Patients are increasingly empowered to be active participants in their care through mobile technology and remote monitoring. Do you see any downsides?
There are downsides, but they probably do not outweigh the benefits. If the patient is part of the whole ecosystem, the data coming from the patient is unsure and not controlled, so people may doubt the value of this data.
Another concern is where the balance is between supporting the healthcare IT environment and “Big Brother”. If you connect to the patient’s room you can capture data from sensors etc., but then we are close to a “Big Brother” that is controlling everything. We will have to find the right balance there.
The informed patient is not a downside, and health professionals will have to change roles, and be guides in the patient’s healthcare.
What can healthcare learn from other industries about the potential of big data?
If I buy something on the Internet, I can see what others have bought. The motivation is commercial, but it brings additional value to the customer. We can translate that to healthcare. Imagine a doctor seeking the best treatment for his patient: the system looks at the data, and presents a list of patients with the same symptoms, the treatments that were applied to these patients and the outcomes. This could help the doctor adapt the treatment if necessary. There are limits to what you can do, but having more information is always a great advantage.
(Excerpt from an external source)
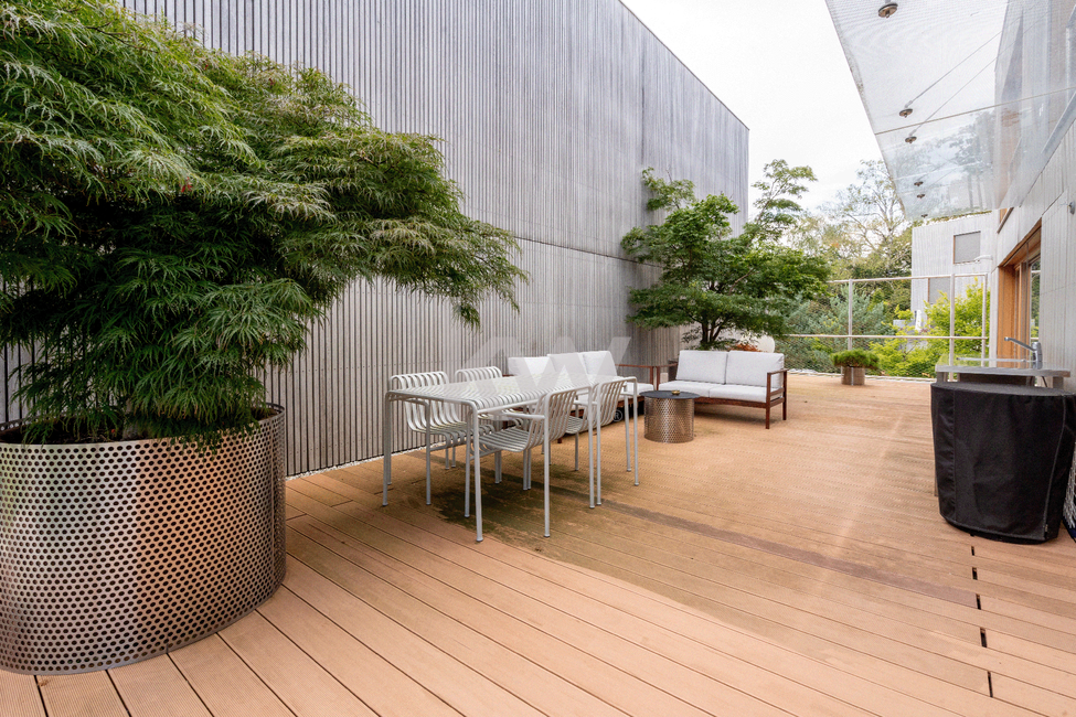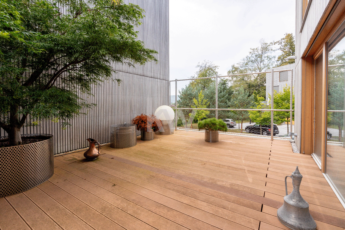 - Terasa z 9 letnimi japonskimi javorji in avtomatskim zalivanjem, ipd.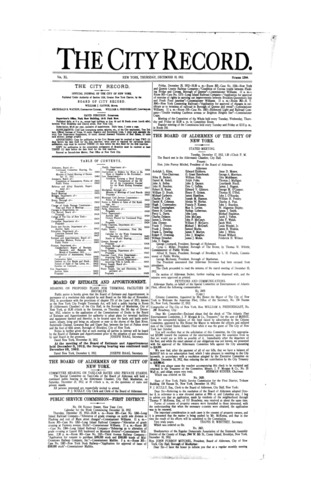 The City Record newspaper publishes notices which includes but is not limited to: public hearings and meetings, public auctions and sales, solicitations and awards and official rules proposed and adopted by city agencies. This is the City Record Newspaper for December 19, 1912.

What role will Agfa play here?
At Agfa Healthcare we have a close connection with our customers. We are very aware that healthcare is going towards integrated care. For integrated care, you need EHR that combine data from multiple sources, and you need EBM, looking at and analysing the data. Solutions for integrated care encompass all these technologies from big data, big data analytics and decision support. This will be core for Agfa Healthcare, and we are well placed, because we are so close to the data.